Consider a finite dataset {\(x_{ij}\)}, \(i=1,\ldots,N\), \(j=1,\ldots,M\) that contains \(M\) variables (or features) for \(N\) independent observations (or samples). Given a number \(K\) (a positive integer) for clustering, a clustering method partitions the dataset into \(K\) clusters. Each cluster is denoted as \(C_k\), \(k=1,\ldots,K\). Inspired by biological concepts, each cluster is treated as a subpopulation and the bootstrapped samples as progenies from that subpopulation. The uniqueness of Progeny Sampling during the bootstrapping step is that it randomly samples feature values with replacement to construct new samples rather than directly sampling existing samples. Let \(\tilde{N}\) be the number of progenies we generate from each cluster \(C_k\). Combining these progenies, we have a validation dataset {\(y_{ij}^{\left(k\right)}\)}, \(i=1,\ldots,\tilde{N}\), \(j=1,\ldots,M\), \(k=1,\ldots,K\), containing \(K\times \tilde{N}\) observations with \(M\) features. Using the same number \(K\) and the same method for clustering, we partition the progenies {\(y_{ij}^{\left(k\right)}\)} into \(K\) progeny clusters, denoted by \(C'_k\), \(k=1,\ldots,K\). A symmetric co-occurrence matrix \(Q\) records the clustering memberships of each progeny as follows:

\[Q_{ab}= \begin{cases} 1, & \text{if the $a^{th}$ progeny and the $b^{th}$ progeny are in the same cluster $C'_k$} \\ 0, & \text{otherwise} \end{cases}\label{eq:a1} . \tag{1}\] The progenies in \(Q\) were ordered by the initial cluster (\(C_k\)) they were generated from, such that \(Q_a,\ldots,Q_{a+\tilde{N}}\in C_k\), \(a=\left(k-1\right)\tilde{N}\). After repeating the above process (from generating Progenies to obtaining \(Q\)) \(R\) times, we can get a series of co-occurrence matrices \(Q^{\left(r\right)}\), \(r=1,\ldots,R\). Averaging \(Q^{\left(r\right)}\) results in a stability probability matrix \(P\), i.e. 
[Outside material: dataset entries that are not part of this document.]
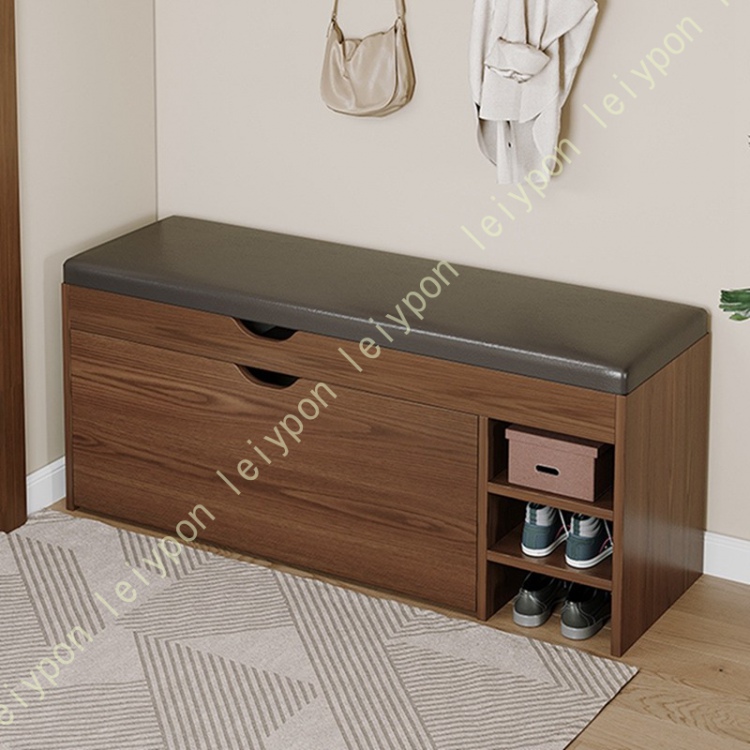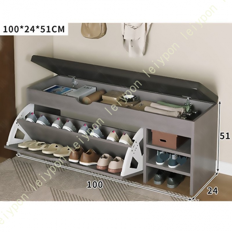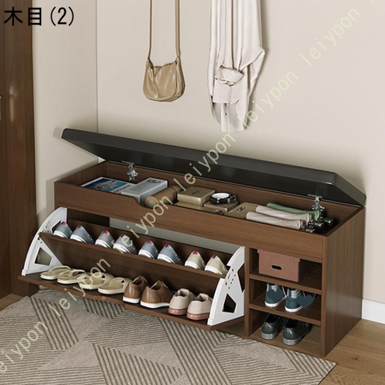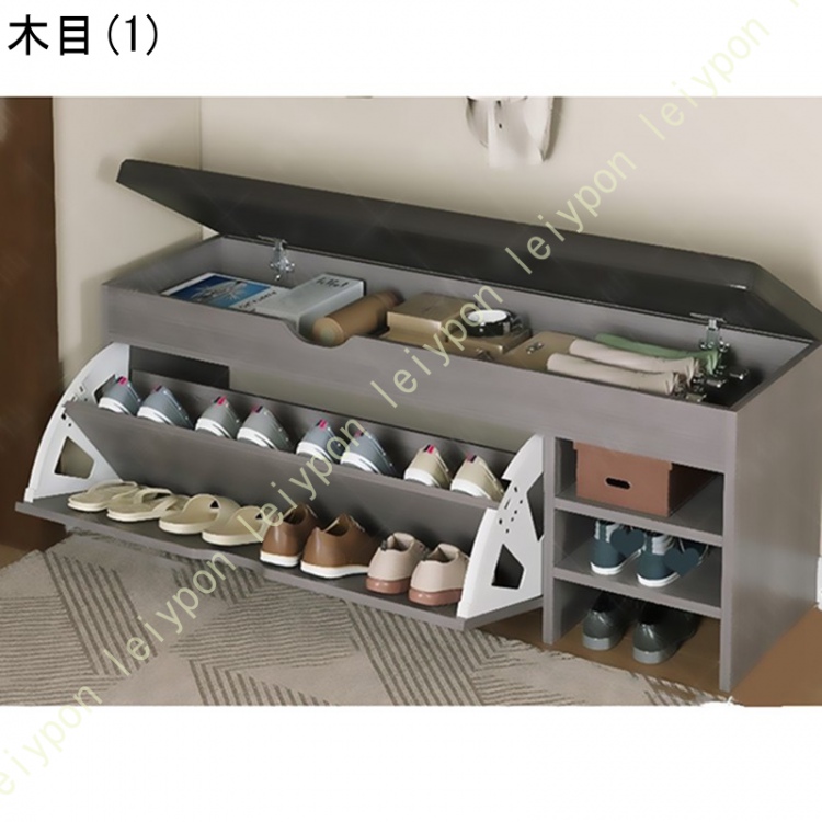 収納ベンチ 玄関ベンチ 玄関スツール フラップ式 扉付き 2段 下駄箱 靴箱 靴入れ シューズラック 靴収納キャビネット 棚板は取り外し可能 簡単組立 大容量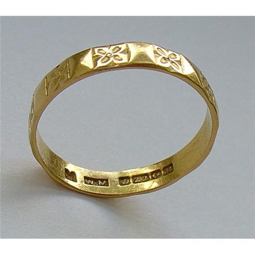 This distinctive gold band features alternating incised four-leafed motifs and pyramidal squares. The inside is fully marked including marks for 22K gold, Birmingham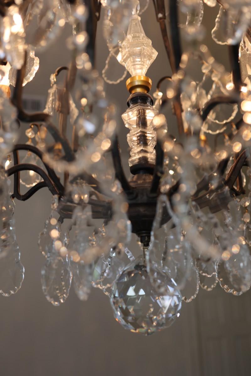 Elegant multi-tiered chandelier adorned with high-quality, faceted real crystal prisms and finished with a large crystal ball finial.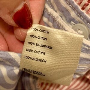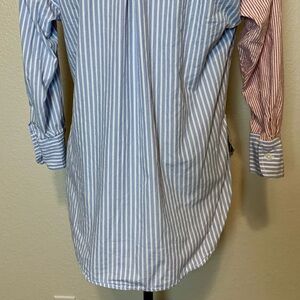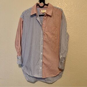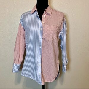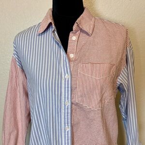 Anthropologie Maeve Bennett Button Down Top Mixed Stripes Oversized XXS Red Blue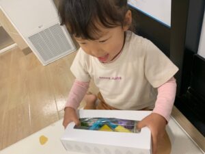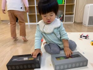 箱を並べて繋げると、なんとなく電車の形に見えてそのまま「しゅっぱつ!」とごっこ遊びが始まりました。

\[\label{eq:002} P_{ab}=\sum_r Q^{\left(r\right)}_{ab}/R . \tag{2}\]

From this probability matrix \(P\), we compute the stability score for clustering the dataset {\(x_{ij}\)} into \(K\) clusters as

\[\label{eq:003} S= \frac{\displaystyle \sum_k \sum_{a, b \in C_k, b\neq a} P_{ab}/\left(\tilde{N}-1\right)} {\displaystyle \sum_k \sum_{a \in C_k, b \notin C_k} P_{ab}/\left(K\tilde{N}-\tilde{N}\right)} . \tag{3}\]

A schematic for this process and the pseudocode are shown in Figure 1 and Figure 2.